/---

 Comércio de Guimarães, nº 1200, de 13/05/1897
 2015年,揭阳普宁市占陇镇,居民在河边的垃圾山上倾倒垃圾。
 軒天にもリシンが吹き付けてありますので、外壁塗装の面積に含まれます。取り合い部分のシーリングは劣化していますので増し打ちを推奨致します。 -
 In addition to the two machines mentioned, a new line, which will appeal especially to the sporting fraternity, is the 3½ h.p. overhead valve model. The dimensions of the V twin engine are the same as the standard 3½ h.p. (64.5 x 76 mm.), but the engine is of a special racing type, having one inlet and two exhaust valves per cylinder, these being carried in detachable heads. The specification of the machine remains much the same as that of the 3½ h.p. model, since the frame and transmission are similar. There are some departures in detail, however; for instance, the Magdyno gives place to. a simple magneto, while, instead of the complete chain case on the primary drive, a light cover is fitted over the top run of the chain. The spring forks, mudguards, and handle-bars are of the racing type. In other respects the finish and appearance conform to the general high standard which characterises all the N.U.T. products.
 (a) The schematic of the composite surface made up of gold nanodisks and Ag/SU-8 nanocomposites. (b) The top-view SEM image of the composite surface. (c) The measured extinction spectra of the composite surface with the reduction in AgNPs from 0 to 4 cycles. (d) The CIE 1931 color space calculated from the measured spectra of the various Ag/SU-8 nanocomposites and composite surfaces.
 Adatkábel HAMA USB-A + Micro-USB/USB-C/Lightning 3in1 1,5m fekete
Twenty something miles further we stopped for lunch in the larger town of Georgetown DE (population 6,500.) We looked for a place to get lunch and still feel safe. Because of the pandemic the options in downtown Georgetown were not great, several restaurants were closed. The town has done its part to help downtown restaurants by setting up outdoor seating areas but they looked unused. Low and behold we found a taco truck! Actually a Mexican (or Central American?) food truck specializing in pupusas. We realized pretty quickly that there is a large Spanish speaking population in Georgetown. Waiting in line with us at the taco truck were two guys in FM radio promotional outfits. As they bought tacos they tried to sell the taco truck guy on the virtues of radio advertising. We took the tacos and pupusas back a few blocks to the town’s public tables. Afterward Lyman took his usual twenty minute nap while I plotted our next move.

\---

Retype every line of the listing, word for word, from its opening line to the line that holds "Adatkábel HAMA USB-A", and include that last line too.

 Comércio de Guimarães, nº 1200, de 13/05/1897
 2015年,揭阳普宁市占陇镇,居民在河边的垃圾山上倾倒垃圾。
 軒天にもリシンが吹き付けてありますので、外壁塗装の面積に含まれます。取り合い部分のシーリングは劣化していますので増し打ちを推奨致します。 -
 In addition to the two machines mentioned, a new line, which will appeal especially to the sporting fraternity, is the 3½ h.p. overhead valve model. The dimensions of the V twin engine are the same as the standard 3½ h.p. (64.5 x 76 mm.), but the engine is of a special racing type, having one inlet and two exhaust valves per cylinder, these being carried in detachable heads. The specification of the machine remains much the same as that of the 3½ h.p. model, since the frame and transmission are similar. There are some departures in detail, however; for instance, the Magdyno gives place to. a simple magneto, while, instead of the complete chain case on the primary drive, a light cover is fitted over the top run of the chain. The spring forks, mudguards, and handle-bars are of the racing type. In other respects the finish and appearance conform to the general high standard which characterises all the N.U.T. products.
 (a) The schematic of the composite surface made up of gold nanodisks and Ag/SU-8 nanocomposites. (b) The top-view SEM image of the composite surface. (c) The measured extinction spectra of the composite surface with the reduction in AgNPs from 0 to 4 cycles. (d) The CIE 1931 color space calculated from the measured spectra of the various Ag/SU-8 nanocomposites and composite surfaces.
 Adatkábel HAMA USB-A + Micro-USB/USB-C/Lightning 3in1 1,5m fekete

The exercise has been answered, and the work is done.